Designing for the sources and sinks
The first step in the design is identifying and getting deeper into the details for your data sources and sinks. The main goal is to put together the various options you may have for the flow of your data messages. This can be achieved through single or multiple stages of processing, applying logic, state management, and persistence—traversing from data producers to final consumers. The flow options should be laid out end-to-end for each type of message.
Knowing the sources and sinks (and with a general idea of the flows), it’s time to get deeper into how to make the processing happen.
Message content and identifiers
We’ll first cover identifiers. Processing messages almost always needs identifiers to track the state and progress. In our use-case example, the best identifier is the unique device ID for the health-band. There is no session context in our use case but it could be relevant in other scenarios. The device ID can be the “key” in the messages (more on this later). As a best practice, it would make sense to combine the message with message type identifier (e.g., the health-beat message and a device model number).
Both of these identifiers can make processing more efficient. Another best practice is to add a timestamp that indicates when the message was created. Together, these can determine who, when, and what is being sent, and these identifiers help with determining the type of processing needed. The message in our example will contain a key (which will be the device ID) and the rest of the content, including the type, model number, and timestamp as name/value pairs in JSON format.
As a general practice, Topics are not something you would like to have in large numbers or create/drop frequently and dynamically. Doing so will impose overhead on the system, and it makes it more complex for routine operations and administration. Also, the ability for Consumers to subscribe and work with such dynamically created Topics would need to be incorporated in the design. This type of design is possible—Consumers subscribe to Topic names of a certain pattern—but it adds to the overall complexity.

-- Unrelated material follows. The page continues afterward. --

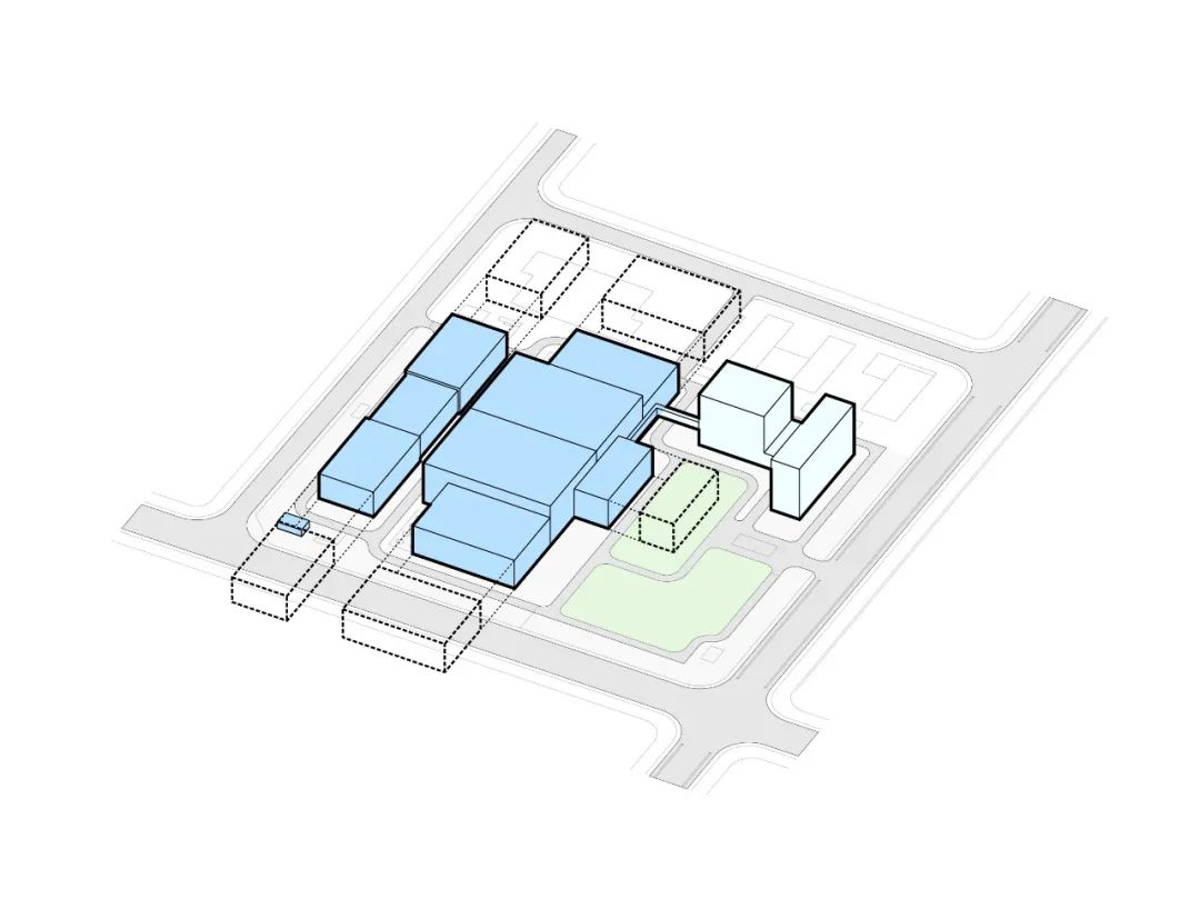 总体布局上,非机房区运营管控楼及综合楼采用北板南点两栋高层以裙房连接形式,L型布局于南北轴线西侧,在尽可能争取南向采光、避免对视的同时,与南侧机房楼围合形成大面完整室外空间,为有人区提供内向型集中景观绿地及机房楼超大体量形象展示面。

Each Topic is typically where messages of the same type of processing needs are sent. The Producer code maintains the knowledge (configuration) of where to send a particular type of message, along with which key and message structure. The received messages are stored in the Topic in the order they are received. Consumer processes are usually dedicated to one Topic and have the relevant logic for efficient handling the type of messages in that Topic.

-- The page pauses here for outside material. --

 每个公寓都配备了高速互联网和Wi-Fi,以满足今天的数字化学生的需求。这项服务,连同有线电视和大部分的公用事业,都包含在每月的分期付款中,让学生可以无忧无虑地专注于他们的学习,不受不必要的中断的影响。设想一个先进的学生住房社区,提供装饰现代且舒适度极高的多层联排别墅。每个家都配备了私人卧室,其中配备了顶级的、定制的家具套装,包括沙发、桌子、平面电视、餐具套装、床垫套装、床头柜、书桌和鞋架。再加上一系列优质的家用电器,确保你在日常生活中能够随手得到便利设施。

Another way to handle messages is to have all of them (for all Producers and message types) go to the same Topic; a set of main Consumers will then read and send the messages to different Topics for subsequent processing. This “receive and delegate” approach provides some centralized control over the incoming messages (e.g., the Producer does not need to know much) and is a good option if changing the Producer code is not convenient. It can also provide more throughput scalability with less risk of data loss.

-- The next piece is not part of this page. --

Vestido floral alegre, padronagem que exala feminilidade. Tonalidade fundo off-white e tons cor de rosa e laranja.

This is possible by keeping the main Consumers lightweight and doing quick persistence to a separate database as messages are received, possibly with some additional enrichment of data that can be useful in subsequent processing. The heavier logic is delegated to the specialized Consumers working on the individual Topics where messages were routed by the main Consumers.
Numerous designs are possible, and the best option is usually dictated by a combination of requirements and capabilities. For our IoT use-case example, we will take the approach where all the Producers send the health-beat messages to a specific Topic named “health-beats.”
Next, it is time to weigh-in data consistency and fault tolerance.
Consumer groups and topic partitions
A quick recap—the processing of the health-beat messages has two types of consumption requirements:
Check geolocation and health stats
Trigger actions in some cases
A single Consumer processing from each Topic will not scale and is not fault-tolerant. We will use enough Consumers to meet the throughput requirements for each Topic. Also, the Consumers will be part of corresponding Consumer Groups—one for each Topic.
Based on latency calculations for the health-beats messages (45 ms latency per message), one Consumer would provide a consumption rate of roughly 23 messages per second (single threaded consumption from each Consumer). We already calculated the expected message production rate is 167 health-beats message per second. So, to prevent any lag from building up, we need multiple consumers (167/23=8). Here are the calculations:
Health-beats message latency: 45ms Health-beats message consumption rate: = 1/(45/1000) = 23 messages per second per Consumer Minimum number of Consumers needed (steady state): = 167 messages produced per second/23 messages consumed per second = 8 Consumers
Starting eight Consumers on the health-beats Topic does not yet provide a consumption capacity of 167 messages per second. Each Topic, like the health-beats, has one or more Partitions. Each partition can have only one Consumer processing at any time (this applies to Consumers in a Consumer Group and with manual offset management—both of which we will need). That means we would also need at least eight Partitions for the health-beats Topic.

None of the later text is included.